His Name is Gabriel.
And I like saying his name. I like talking about him. I like it when people acknowledge him. And it hurts me when you look away when I talk about him or his birth. It wounds me when you pretend I wasn't pregnant. When you pretend he didn't die. When you expect me to be ok. I know my memories and stories are tinged with tragedy, but they are the only stories I have. It hurts me when you don't mention that time in my life. When you talk about no babies being born at work in 18 months, I feel a million knives in my heart.
We named him Gabriel for one of two named angels in the Bible. We wanted him to have an angel name when we found out he was going to be an Angel baby. The Anton was for his great grandfather, whom he never met on earth, but was surely there for his arrival in heaven.
His name is Gabriel, and I know that you didn't know him. But for 26 weeks exactly, we were constant companions. He made me sick, but he brought us such joy. He taught us to have hope for the future. He taught us about taking advantage of the moment. In those rare times when I felt well, I took real joy in eating, for the first time in my life. He taught us to take each day as it comes.
I felt him move in me. I felt him kick and stretch and grow. I talked to him constantly. Told him how thankful I was. Introduced him to things. Told him how much we were looking forward to meeting him. We gave him a name - we called him the bun.
We developed a relationship. He would move and kick when Mr. Spit spoke to him. He liked Robert Munch stories and warm baths and when I ate. His Midwife knew his heart beat. I knew when he slept, until about noon. But he was very active in the afternoon. He didn't like being poked to wake up, he would stretch and protest and fall back asleep. He didn't like the doppler or the non stress tests, he would move away. We waved at him during ultrasounds. We told him to hang in there, that he should keep growing.
We know you never met him, but for a glorious 30 minutes we did. We marvelled at his perfection.
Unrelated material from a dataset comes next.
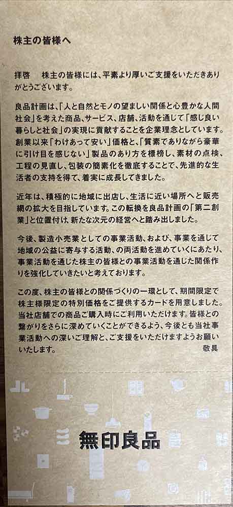 2023-05-06 【株主優待】良品計画(7453) 日本株 株主優待 良品計画(7453)から株主優待が届きました。 前回は隠れ優待?でしたが、今回から正式な優待となりました。 無印良品でありがたく使用したいと思います。 以下は過去の記事です。 sophisticated-life.hatenadiary.jp
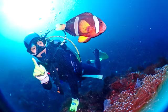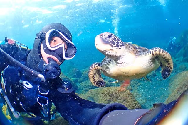 This is an Izu Oshima experience diving plan for beginners.Your first time in the ocean will be at Izu Oshima! Would you like to explore the world of the sea with a veteran guide? Beautiful scenery awaits you. The necessary equipment is available here. We will guide you to those who are over 150cm tall. We have a small group system, so even beginners can feel at ease. A lot of different creatures live in the sea of Izu Oshima! In addition to fish, many other creatures live in the sea. Izu Oshima in particular is home to a wide variety of creatures. It's full of wonders that can't be found on land. The guide will introduce the names of the creatures encountered during the experience. Let's have fun and learn about the sea world.

He had such incredible fingers and toes. And so much hair. We knew that he got his long fingers from his Dad, and all his hair from me. He had the crooked ring finger that everyone in my family has. He didn't open his eyes, but we saw into his soul.
We know that thirty minutes doesn't seem like a real life, but it was long enough for him. Just long enough to say hello and not goodbye, but rather, we'll see you again. Long enough to tell him that we would come, just not right away. Long enough to tell him to be brave and know that we loved him, even if he was going home without us. It was long enough to tell him that there was family in heaven waiting for him. That he wouldn't be alone.
We know that thirty minutes isn't much. But it was long enough to kiss him and sing to him and bathe him. It was long enough for a baptism, and long enough for our families to talk to him on the phone. It was long enough to tell him everything he needed to hear in his short life. That he was loved beyond all comprehension. That he will be loved until the end of time. That there is no place so far away from him that us that he wouldn't still be in our hearts, his memory as close as our breath.
There are a lot of children in our family, in our community, in our workplace, in our church. There are those that are with us, and there is Gabriel. Who is not in sight, but he is the whole of our heart's. As you talk about children being born, about mother's day and father's day and having babies, would you remember, Mr. Spit and I, we are parents. We had a baby boy, and he is still very much alive in our memory. And his name is Gabriel.